Besides directly processing chemokines and altering their biological function, MMPs can also indirectly influence the availability and activity of chemokines by cleaving accessory macromolecules that bind them [56]. Thereby, MMPs exhibit an additional way of regulating leukocyte migration [5]. MMP-7 is involved in syndecan-1 cleavage, which in turn releases CXCL1 (also known as KC). Thereby, MMP-7 indirectly generates a chemotactic gradient that directs neutrophil migration to sites of injury [56]. Consequently, neutrophil infiltration is massively reduced in mmp7−/− mice at sites of injury because of impaired transepithelial migration [56]. Other MMPs also regulate chemotactic gradients, but their role is less well understood. MMP-2 seems to be critical for establishing a CCL11 (eotaxin) chemotactic gradient during leukocyte recruitment, as allergen-induced asthmatic mmp2−/− mice show leukocyte accumulation in lung parenchyma and decreased CCL11 levels [57]. Notably, this indirect pro-inflammatory effect of MMP-2 is very distinct from the above discussed direct anti-inflammatory function via chemokine cleavage and inactivation [47, 49]. In addition to MMP-2, MMP-9 contributes to the generation of the chemotactic gradient in allergen-induced asthmatic mice, where mmp9−/− mice showed diminished CCL11, CCL7 and CCL17 chemoattractant levels [58]. In summary, these studies demonstrate that MMPs are important regulators of inflammation by controlling chemokine activity and chemotactic gradients, thereby manipulating leukocyte migration.

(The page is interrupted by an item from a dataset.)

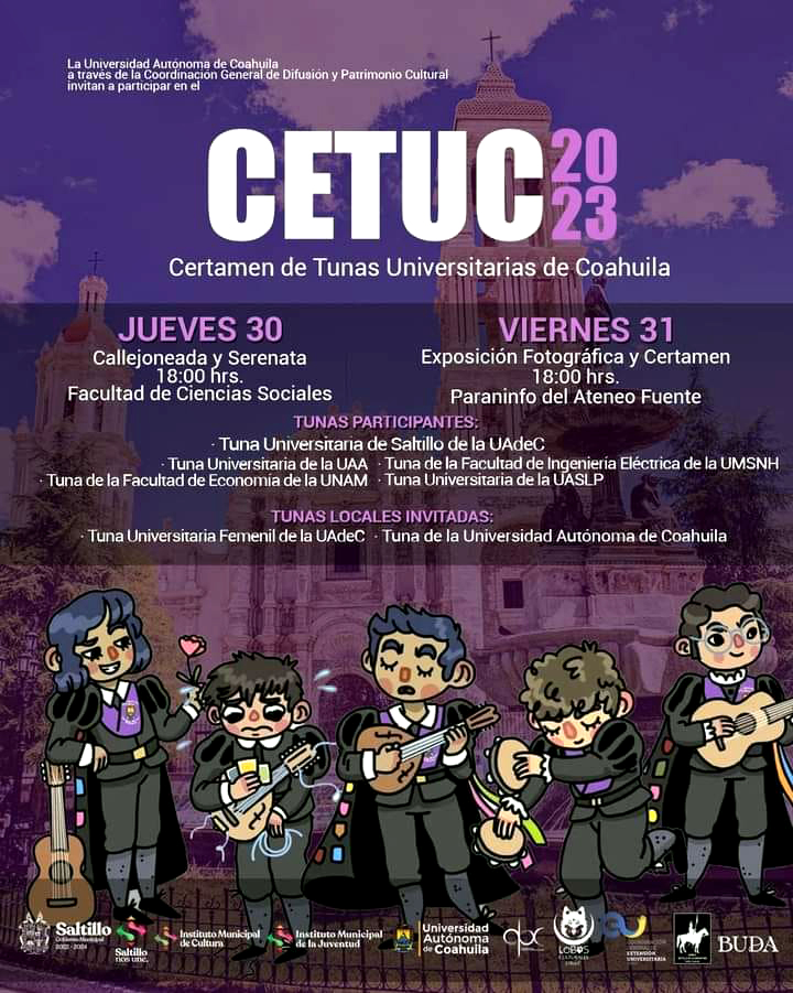 SALTILLO, Coahuila. 23 de marzo de 2023. La Universidad Autónoma de Coahuila a través de la Coordinación de Difusión y Patrimonio Cultural y la Tuna Universitaria de Saltillo, invitan a la comunidad universitaria y público en general a participar en el Certamen de Tunas Universitarias de Coahuila (CETUC) 2023 que se realizará los días 30 y 31 de marzo.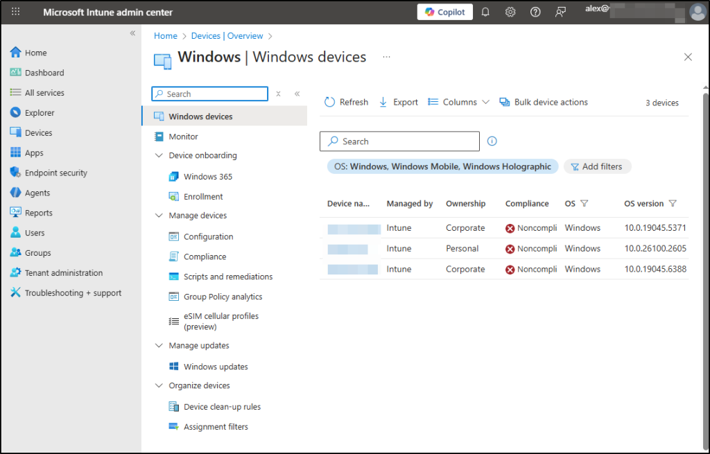 1️⃣ Device groups: Create device security groups based on regions, departments, or business units (for example, “London Devices” containing all devices in that location).

MMPs in cytokine signaling
Apart from generating chemotactic gradients and recruiting leukocytes to sites of infection, MMPs also have the capacity to directly activate and regulate cytokine signaling. The pro-inflammatory cytokine IL-1β needs proteolytic activation by the IL-1β-converting enzyme (ICE, more recently re-named to caspase-1) [59, 60]. After discovery of caspase-1-independent activation of IL-1β [61], MMP-2, -3 and -9 were described to process human IL-1β precursor into biologically active forms [62]. In addition, MMP-3—to a lesser extent MMP-9, but not collagenases—was found to degrade active IL-1β after longer incubation periods, indicating regulatory roles of MMPs in both IL-1β activation and inactivation [62]. Under physiological conditions, conversion of the membrane-bound pro-TNF-α to its active and soluble form is attributed to TNF-α-converting enzyme (TACE, now known as ADAM17, also see next section) [63, 64]. Even if ADAM17 is the most specific and best convertor of pro-TNF-α, MMP-7—and to lesser but not physiologically relevant extent MMP-1 and -9—harbors the capacity to cleave and activate pro-TNF-α and seems to act as another physiological TNF-α convertor [65]. In contrast to the activation of these pro-inflammatory cytokines, MMPs (MMP-3, -9 and -14) are also able to activate transforming growth factor-β1 (TGF-β1) in vitro [66,67,68], which restrains mononuclear inflammation [5, 69, 70], thereby again indicating an overall regulatory effect of MMPs in inflammation.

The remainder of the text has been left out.